Friday November 04, 2011
I've heard tell of some confusion lately around what the term "non-blocking" means.  This isn't the first time I've tried to explain it, and it certainly won't be the last, but blogging is easier than the job Sisyphus got, so I can't complain.

A thread is blocking when it is performing an input or output operation that may take an unknown amount of time.  Crucially, a blocking thread is doing no useful work.  It is stuck, consuming resources - in particular, its thread stack, and its process table entry.  It is sucking up resources and getting nothing done.  These are resources that one can most definitely run out of, and are in fact artificially limited on most operating systems, because if one has too many of them, the system bogs down and becomes unusable.

A thread may also be "stuck" doing some computationally intensive work; performing a complex computation, and sucking up CPU cycles.  There is a very important distinction here, though.  If that thread is burning up CPU, it is getting work done.  It is computing.  This is why we have computers: to compute things.

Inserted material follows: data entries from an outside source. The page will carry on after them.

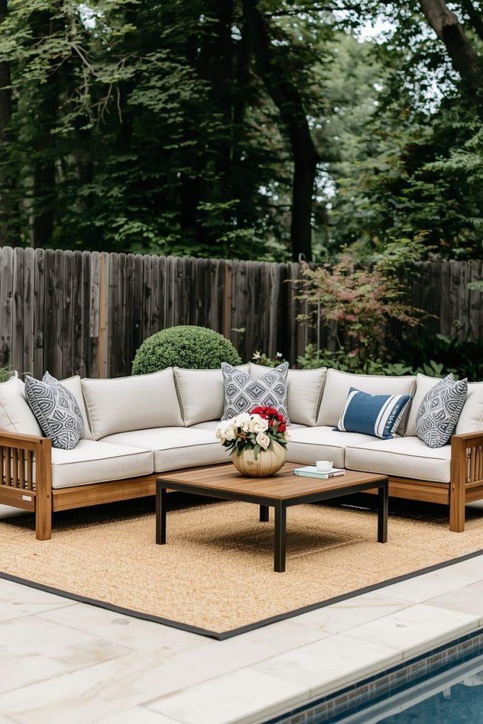 For a more relaxed vibe, I love using backyard pool furniture inspiration centered around sectional sofas. It turns the pool deck into a true outdoor living room where everyone naturally gathers.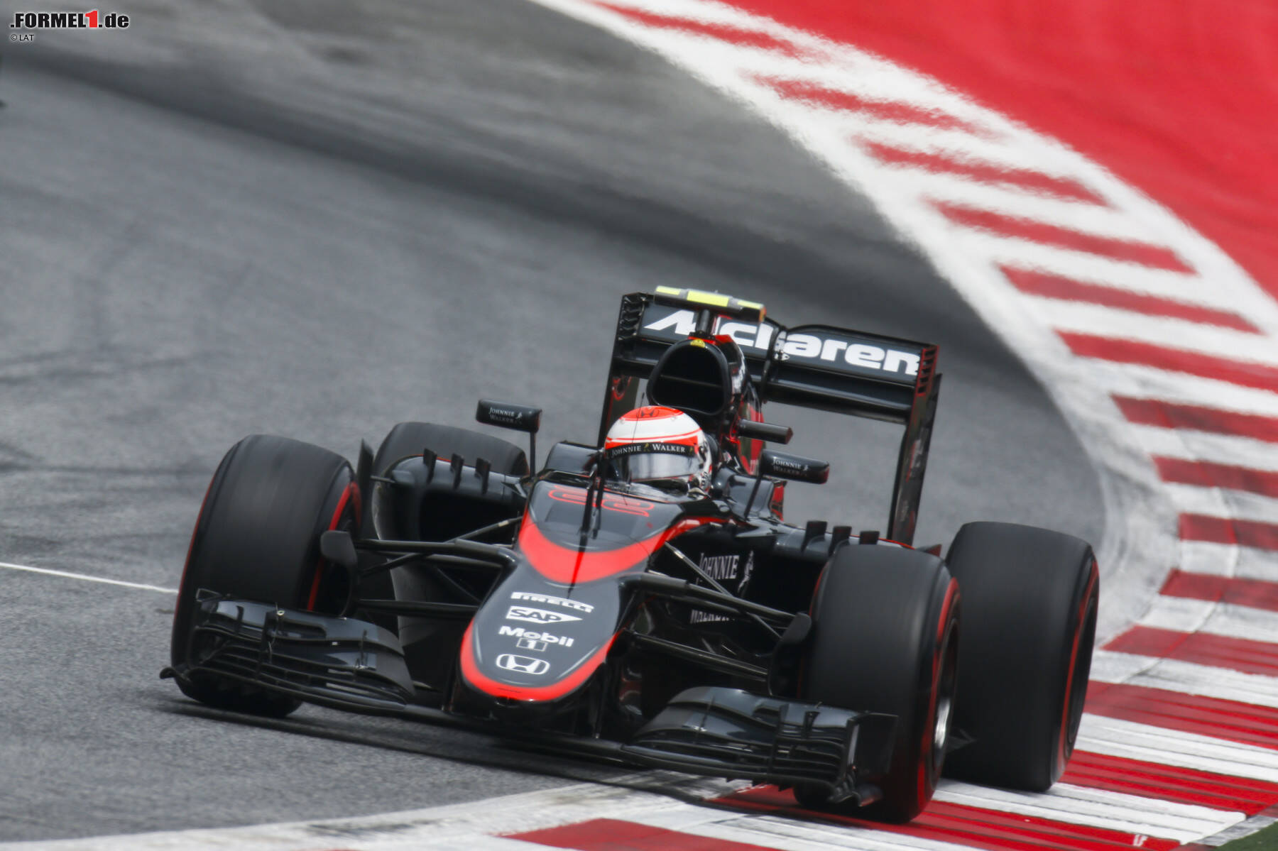 (Motorsport-Total.com) - Jenson Button hatte nach dem Qualifying zum Formel-1-Grand-Prix von Österreich die Nase gestrichen voll. Wie schon in Kanada erwischt es den Routinier mit einer saftigen Grid-Strafe und wie bei McLaren-Honda-Teamkollege Fernando Alonso soll es um 25 Plätze in der Startaufstellung zurückgehen. An beiden McLarens mussten Teile von Motoren, Getriebe oder Turbolader gewechselt werden. Nach Trainingsplatz 17 ist es natürlich unmöglich, dass Button auf Startplatz 42 losfährt. Der McLaren-Pilot wird mit einer Zeitstrafe belegt, die der 10-Sekunden-Strafe gleichkommt, welche eher in den 1990ern üblich war.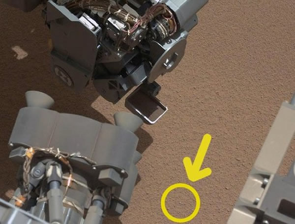 图中黄色圆圈所指的物体即是工程师发现的不明物体,或为好奇号零部件脱落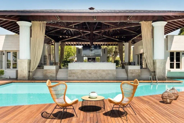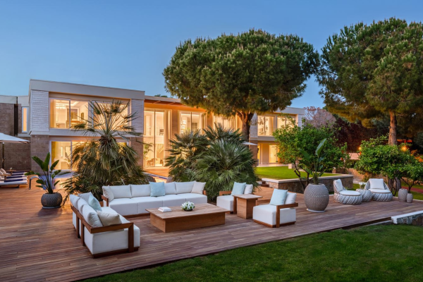 Pryamus Residence (2000 м², макс. 9 человек, 9 комнат, кухня, 2 террасы) — вид на сад и бассейн.

It is of course possible for a program to have a bug where a program goes into an infinite loop, or otherwise performs work on the CPU without actually getting anything useful to the user done, but if that's happening then the program is just buggy, or inefficient.  But such a program is not blocking: it might be "thrashing" or "stuck" or "broken", but "blocking" means something more specific: that the program is sitting around, doing nothing, while it is waiting for some other thing to get work done, and not doing any of its own.

A program written in an event-driven style may be busy as long as it needs to be, but that does not mean it is blocking.  Hence, event-driven and non-blocking are synonyms.

Furthermore, non-blocking doesn't necessarily mean single-process.  Twisted is non-blocking, for example, but it has a sophisticated facility for starting, controlling and stopping other processes.  Information about changes to those processes is represented as plain old events, making it reasonably easy to fold the results of computation in another process back into the main one.

If you need to perform a lengthy computation in an event-driven program, that does not mean you need to stop the world in order to do it.  It doesn't mean that you need to give up on the relatively simple execution model of an event loop for a mess of threads, either.  Just ask another process to do the work, and handle the result of that work as just another event.